Available data
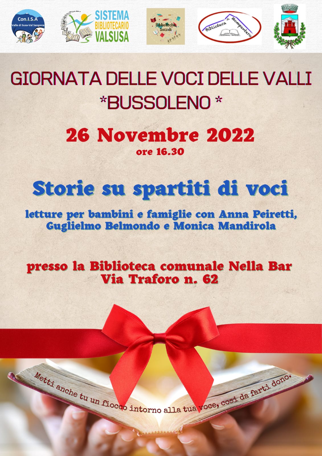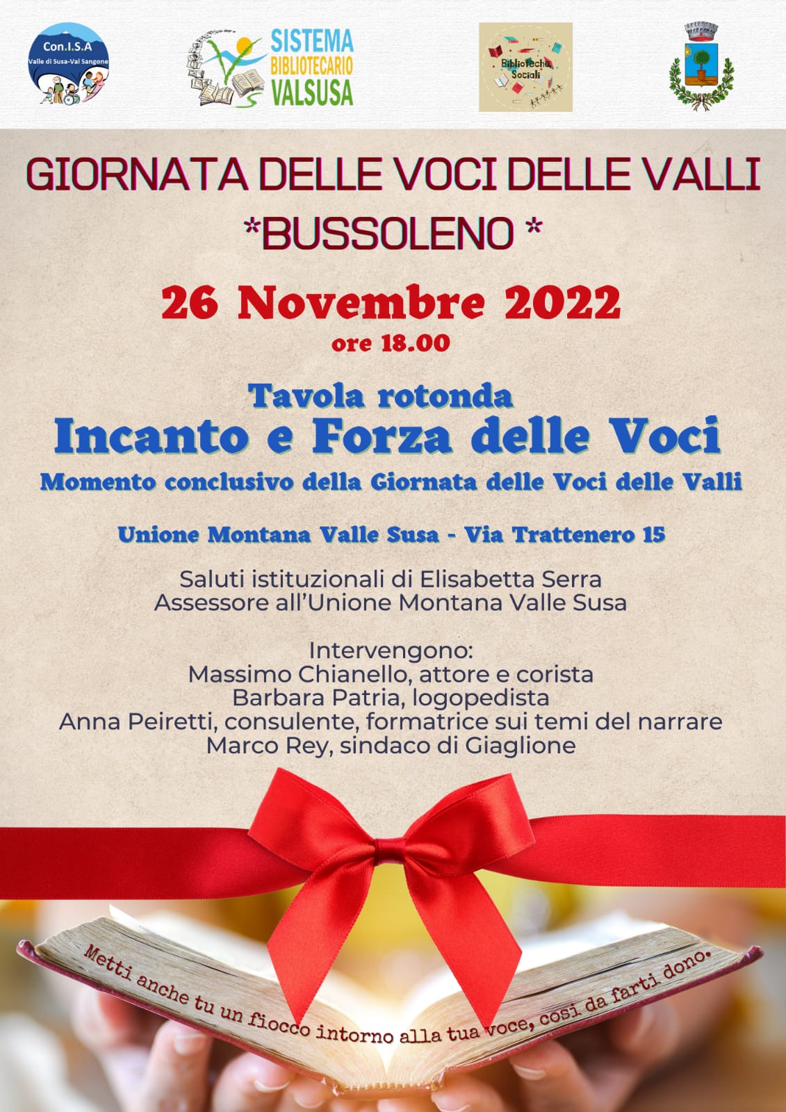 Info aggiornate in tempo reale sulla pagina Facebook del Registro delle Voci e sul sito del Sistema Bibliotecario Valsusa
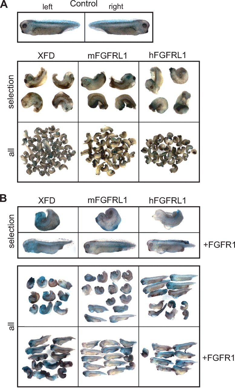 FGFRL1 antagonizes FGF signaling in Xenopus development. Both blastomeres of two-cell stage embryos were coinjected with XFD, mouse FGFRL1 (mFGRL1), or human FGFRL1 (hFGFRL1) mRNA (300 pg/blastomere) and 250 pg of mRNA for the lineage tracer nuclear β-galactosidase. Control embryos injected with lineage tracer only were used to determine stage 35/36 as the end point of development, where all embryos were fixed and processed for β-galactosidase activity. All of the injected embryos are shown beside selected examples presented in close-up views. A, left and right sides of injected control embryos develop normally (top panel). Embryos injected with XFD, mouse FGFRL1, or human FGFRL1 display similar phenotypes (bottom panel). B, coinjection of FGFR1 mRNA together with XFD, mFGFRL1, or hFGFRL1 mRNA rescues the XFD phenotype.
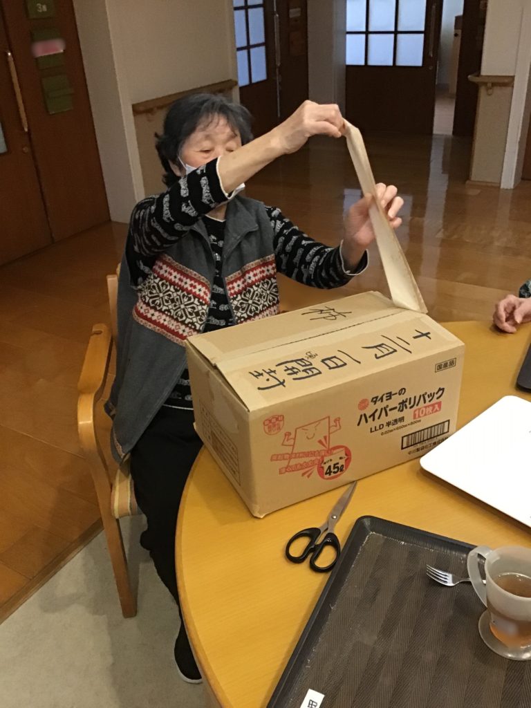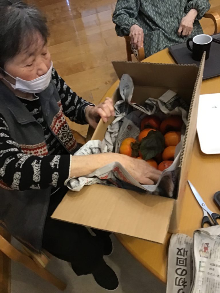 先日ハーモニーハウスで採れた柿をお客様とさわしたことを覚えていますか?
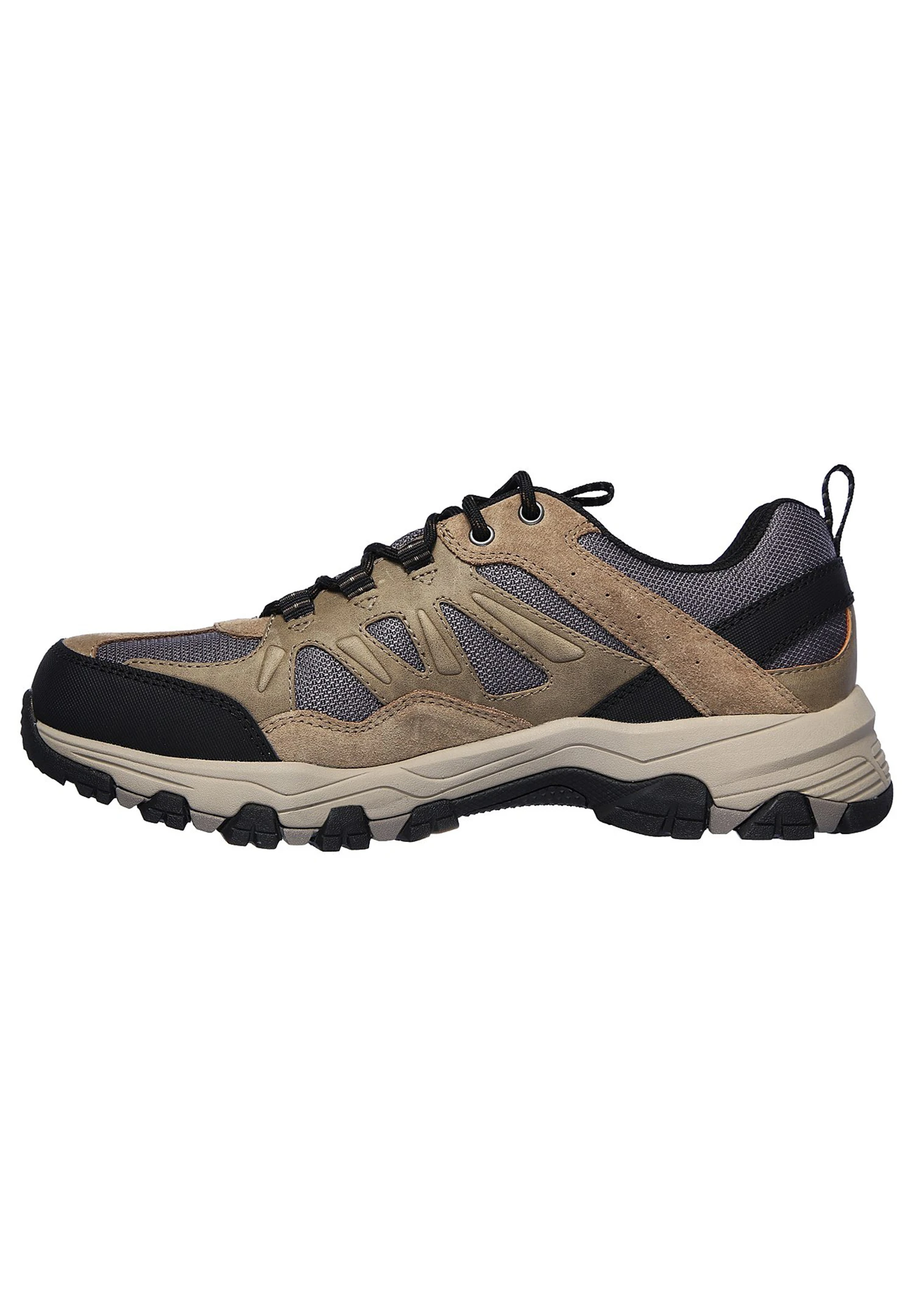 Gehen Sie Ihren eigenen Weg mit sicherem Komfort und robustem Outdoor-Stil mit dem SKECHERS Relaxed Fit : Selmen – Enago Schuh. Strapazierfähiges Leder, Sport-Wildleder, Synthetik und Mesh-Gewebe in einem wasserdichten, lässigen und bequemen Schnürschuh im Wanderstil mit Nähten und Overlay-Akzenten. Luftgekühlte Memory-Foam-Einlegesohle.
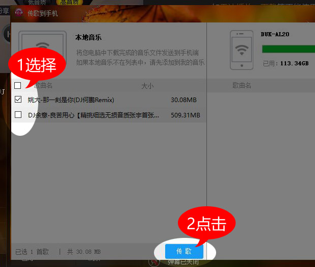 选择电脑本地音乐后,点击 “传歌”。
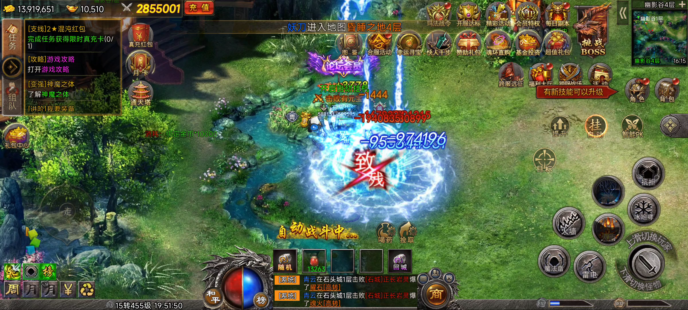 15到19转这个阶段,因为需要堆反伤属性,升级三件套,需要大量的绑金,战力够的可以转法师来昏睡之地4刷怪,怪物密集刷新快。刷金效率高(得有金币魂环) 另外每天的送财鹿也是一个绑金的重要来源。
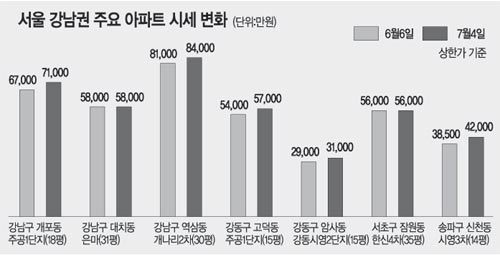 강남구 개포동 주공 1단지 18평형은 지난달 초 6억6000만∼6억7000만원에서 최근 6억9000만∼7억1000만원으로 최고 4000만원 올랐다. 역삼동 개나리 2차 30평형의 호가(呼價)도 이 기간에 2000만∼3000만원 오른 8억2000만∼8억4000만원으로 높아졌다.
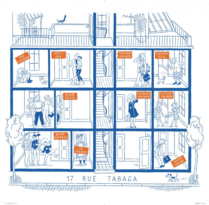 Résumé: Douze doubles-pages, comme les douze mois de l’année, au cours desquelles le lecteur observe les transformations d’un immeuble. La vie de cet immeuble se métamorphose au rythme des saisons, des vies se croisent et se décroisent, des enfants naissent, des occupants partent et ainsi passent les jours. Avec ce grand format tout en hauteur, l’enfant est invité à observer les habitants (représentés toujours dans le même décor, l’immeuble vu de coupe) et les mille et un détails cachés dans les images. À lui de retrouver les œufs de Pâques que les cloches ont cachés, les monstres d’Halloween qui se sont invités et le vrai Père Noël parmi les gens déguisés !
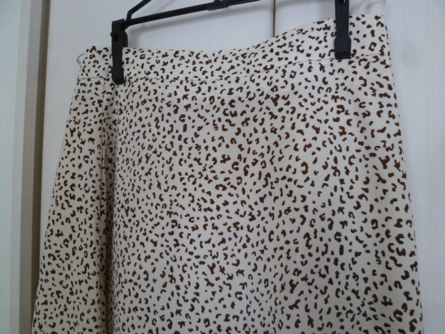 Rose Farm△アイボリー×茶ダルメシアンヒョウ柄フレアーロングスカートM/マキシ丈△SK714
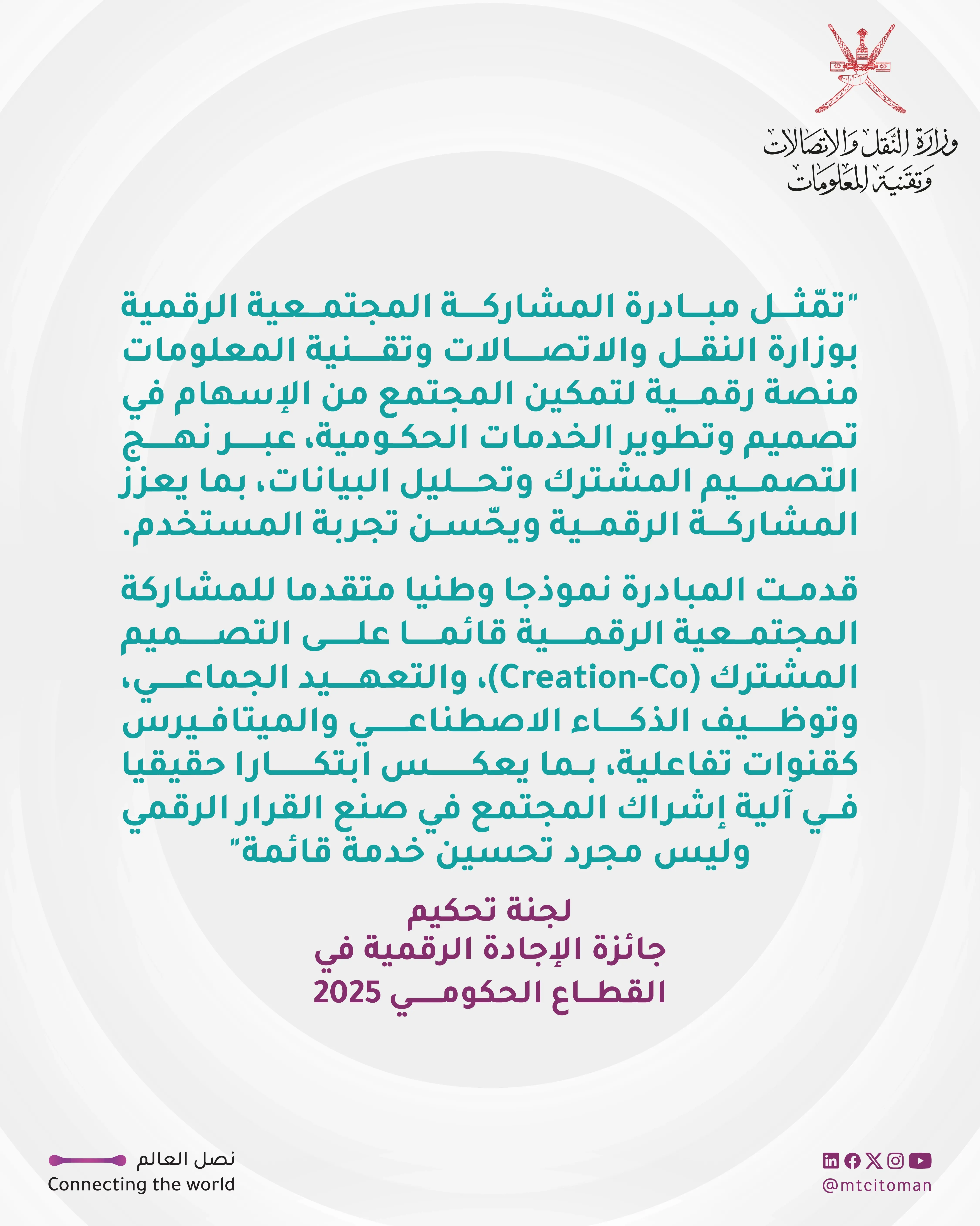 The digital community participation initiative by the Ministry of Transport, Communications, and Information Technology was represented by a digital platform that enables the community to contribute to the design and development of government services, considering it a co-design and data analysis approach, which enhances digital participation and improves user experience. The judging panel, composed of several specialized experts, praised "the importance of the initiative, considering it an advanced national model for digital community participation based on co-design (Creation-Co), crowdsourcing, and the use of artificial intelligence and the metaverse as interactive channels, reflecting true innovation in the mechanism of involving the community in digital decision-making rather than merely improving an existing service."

Task goal
For every record above, repeat the text exactly and omit any picture.

Output of the exercise
 Info aggiornate in tempo reale sulla pagina Facebook del Registro delle Voci e sul sito del Sistema Bibliotecario Valsusa
 FGFRL1 antagonizes FGF signaling in Xenopus development. Both blastomeres of two-cell stage embryos were coinjected with XFD, mouse FGFRL1 (mFGRL1), or human FGFRL1 (hFGFRL1) mRNA (300 pg/blastomere) and 250 pg of mRNA for the lineage tracer nuclear β-galactosidase. Control embryos injected with lineage tracer only were used to determine stage 35/36 as the end point of development, where all embryos were fixed and processed for β-galactosidase activity. All of the injected embryos are shown beside selected examples presented in close-up views. A, left and right sides of injected control embryos develop normally (top panel). Embryos injected with XFD, mouse FGFRL1, or human FGFRL1 display similar phenotypes (bottom panel). B, coinjection of FGFR1 mRNA together with XFD, mFGFRL1, or hFGFRL1 mRNA rescues the XFD phenotype.
 先日ハーモニーハウスで採れた柿をお客様とさわしたことを覚えていますか?
 Gehen Sie Ihren eigenen Weg mit sicherem Komfort und robustem Outdoor-Stil mit dem SKECHERS Relaxed Fit : Selmen – Enago Schuh. Strapazierfähiges Leder, Sport-Wildleder, Synthetik und Mesh-Gewebe in einem wasserdichten, lässigen und bequemen Schnürschuh im Wanderstil mit Nähten und Overlay-Akzenten. Luftgekühlte Memory-Foam-Einlegesohle.
 选择电脑本地音乐后,点击 “传歌”。
 15到19转这个阶段,因为需要堆反伤属性,升级三件套,需要大量的绑金,战力够的可以转法师来昏睡之地4刷怪,怪物密集刷新快。刷金效率高(得有金币魂环) 另外每天的送财鹿也是一个绑金的重要来源。
 강남구 개포동 주공 1단지 18평형은 지난달 초 6억6000만∼6억7000만원에서 최근 6억9000만∼7억1000만원으로 최고 4000만원 올랐다. 역삼동 개나리 2차 30평형의 호가(呼價)도 이 기간에 2000만∼3000만원 오른 8억2000만∼8억4000만원으로 높아졌다.
 Résumé: Douze doubles-pages, comme les douze mois de l’année, au cours desquelles le lecteur observe les transformations d’un immeuble. La vie de cet immeuble se métamorphose au rythme des saisons, des vies se croisent et se décroisent, des enfants naissent, des occupants partent et ainsi passent les jours. Avec ce grand format tout en hauteur, l’enfant est invité à observer les habitants (représentés toujours dans le même décor, l’immeuble vu de coupe) et les mille et un détails cachés dans les images. À lui de retrouver les œufs de Pâques que les cloches ont cachés, les monstres d’Halloween qui se sont invités et le vrai Père Noël parmi les gens déguisés !
 Rose Farm△アイボリー×茶ダルメシアンヒョウ柄フレアーロングスカートM/マキシ丈△SK714
 The digital community participation initiative by the Ministry of Transport, Communications, and Information Technology was represented by a digital platform that enables the community to contribute to the design and development of government services, considering it a co-design and data analysis approach, which enhances digital participation and improves user experience. The judging panel, composed of several specialized experts, praised "the importance of the initiative, considering it an advanced national model for digital community participation based on co-design (Creation-Co), crowdsourcing, and the use of artificial intelligence and the metaverse as interactive channels, reflecting true innovation in the mechanism of involving the community in digital decision-making rather than merely improving an existing service."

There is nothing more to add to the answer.